# [Data section]
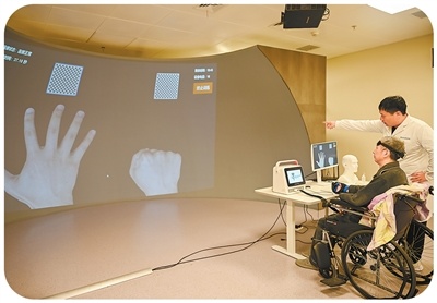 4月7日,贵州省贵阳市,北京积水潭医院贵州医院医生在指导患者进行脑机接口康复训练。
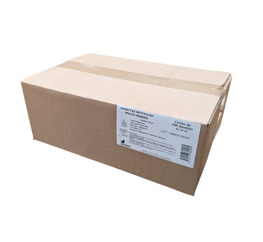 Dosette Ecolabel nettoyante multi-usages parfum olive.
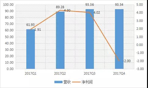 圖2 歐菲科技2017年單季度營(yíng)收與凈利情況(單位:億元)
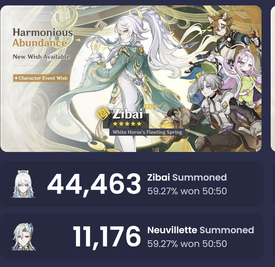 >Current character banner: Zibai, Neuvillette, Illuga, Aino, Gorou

# [Activity]
Render the data above verbatim and without pictures.

# [Solution for this problem]
 4月7日,贵州省贵阳市,北京积水潭医院贵州医院医生在指导患者进行脑机接口康复训练。
 Dosette Ecolabel nettoyante multi-usages parfum olive.
 圖2 歐菲科技2017年單季度營(yíng)收與凈利情況(單位:億元)
 >Current character banner: Zibai, Neuvillette, Illuga, Aino, Gorou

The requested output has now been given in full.